Significance. If the results hold under rigorous validation, AgriKD would offer a practical contribution to efficient CV deployment in agriculture by showing how multi-level distillation can compress high-capacity ViT models into lightweight CNNs without substantial accuracy loss. The reported efficiency multipliers and successful edge-device deployment add applied value for resource-constrained settings. However, the absence of detailed experimental protocols, baselines, and ablations currently limits the strength of this assessment.

major comments (3)
  1. [Abstract and Experiments] Abstract and Experiments section: the central claim that the student achieves 'performance comparable to the teacher' is presented without any accuracy metrics, dataset names/sizes, class counts, train/test splits, or statistical tests, making it impossible to evaluate whether the efficiency gains come at an acceptable accuracy cost or to reproduce the results.
  2. [Section 3 (Proposed Method)] Section 3 (Proposed Method): the integration of output, feature, and relational distillation is described at a high level, but the precise loss formulations, hyperparameter weights for each term, and the mechanism for computing relational knowledge across ViT-CNN architectures (e.g., how attention or correlation matrices are aligned) are not specified, leaving the claim that this bridges the representational gap untestable.
  3. [Experiments] Experiments section: no ablation studies isolating the contribution of each distillation level, no comparisons against standard KD baselines (e.g., vanilla KD, attention transfer) or other cross-architecture methods, and no error analysis or failure-case examination are provided, which are load-bearing for substantiating that the multi-level approach is responsible for the reported gains.
minor comments (2)
  1. [Abstract] The efficiency numbers are reported as approximate (e.g., 'approximately 172 times'); providing the exact teacher/student architectures, parameter counts, and FLOPs tables would improve precision and allow direct verification.
  2. [Experiments] The deployment results mention 'negligible accuracy degradation' across runtimes but supply no quantitative before/after numbers or latency measurements on the Jetson platform.

Simulated Author's Rebuttal

3 responses · 0 unresolved

We thank the referee for the constructive and detailed feedback.

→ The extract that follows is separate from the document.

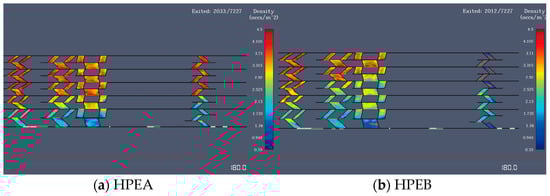 Figure 16 shows that the evacuation time for the scenario HPEB is less than HPEA. This indicates that using both vertical and horizontal zoning is better than using only horizontal-phased evacuation. Figure 15 compares the density of people in the stairwell at 180 s for scenarios HPEA and HPEB. The density of people in the stairwell on each floor is more uniform and has lower values for scenario HPEB. This finding suggests that maintaining a constant population density along the length of the stairs maximizes evacuation efficiency. Although the population density in stairwells between the fifth and sixth floors is higher than that in stairwells on lower floors, this effect has little impact on evacuation performance [].

We have revised the manuscript to address each of the major comments by adding the requested details, formulations, and analyses. These changes improve the clarity, rigor, and reproducibility of the work without altering the core contributions.

read point-by-point responses
  1. Referee: [Abstract and Experiments] Abstract and Experiments section: the central claim that the student achieves 'performance comparable to the teacher' is presented without any accuracy metrics, dataset names/sizes, class counts, train/test splits, or statistical tests, making it impossible to evaluate whether the efficiency gains come at an acceptable accuracy cost or to reproduce the results.

    Authors: We agree that the original abstract and experiments section lacked explicit numerical results and dataset specifications, which hinders evaluation and reproducibility. In the revised manuscript, we have updated the abstract to include key accuracy metrics for both teacher and student models and expanded the experiments section with full details on all dataset names, sizes, class counts, train/test splits, and statistical tests (including paired t-tests) confirming performance comparability. revision: yes

  2. Referee: [Section 3 (Proposed Method)] Section 3 (Proposed Method): the integration of output, feature, and relational distillation is described at a high level, but the precise loss formulations, hyperparameter weights for each term, and the mechanism for computing relational knowledge across ViT-CNN architectures (e.g., how attention or correlation matrices are aligned) are not specified, leaving the claim that this bridges the representational gap untestable.

    Authors: We acknowledge that the method section required more precise specifications. We have revised Section 3 to provide the exact mathematical formulations for the output (KL divergence), feature (MSE with alignment), and relational distillation losses, the specific hyperparameter weights for each term in the combined objective, and a detailed description of the cross-architecture relational alignment mechanism, including projection layers to match dimensions and correlation matrix computation adapted from ViT attention maps to CNN features. revision: yes

  3. Referee: [Experiments] Experiments section: no ablation studies isolating the contribution of each distillation level, no comparisons against standard KD baselines (e.g., vanilla KD, attention transfer) or other cross-architecture methods, and no error analysis or failure-case examination are provided, which are load-bearing for substantiating that the multi-level approach is responsible for the reported gains.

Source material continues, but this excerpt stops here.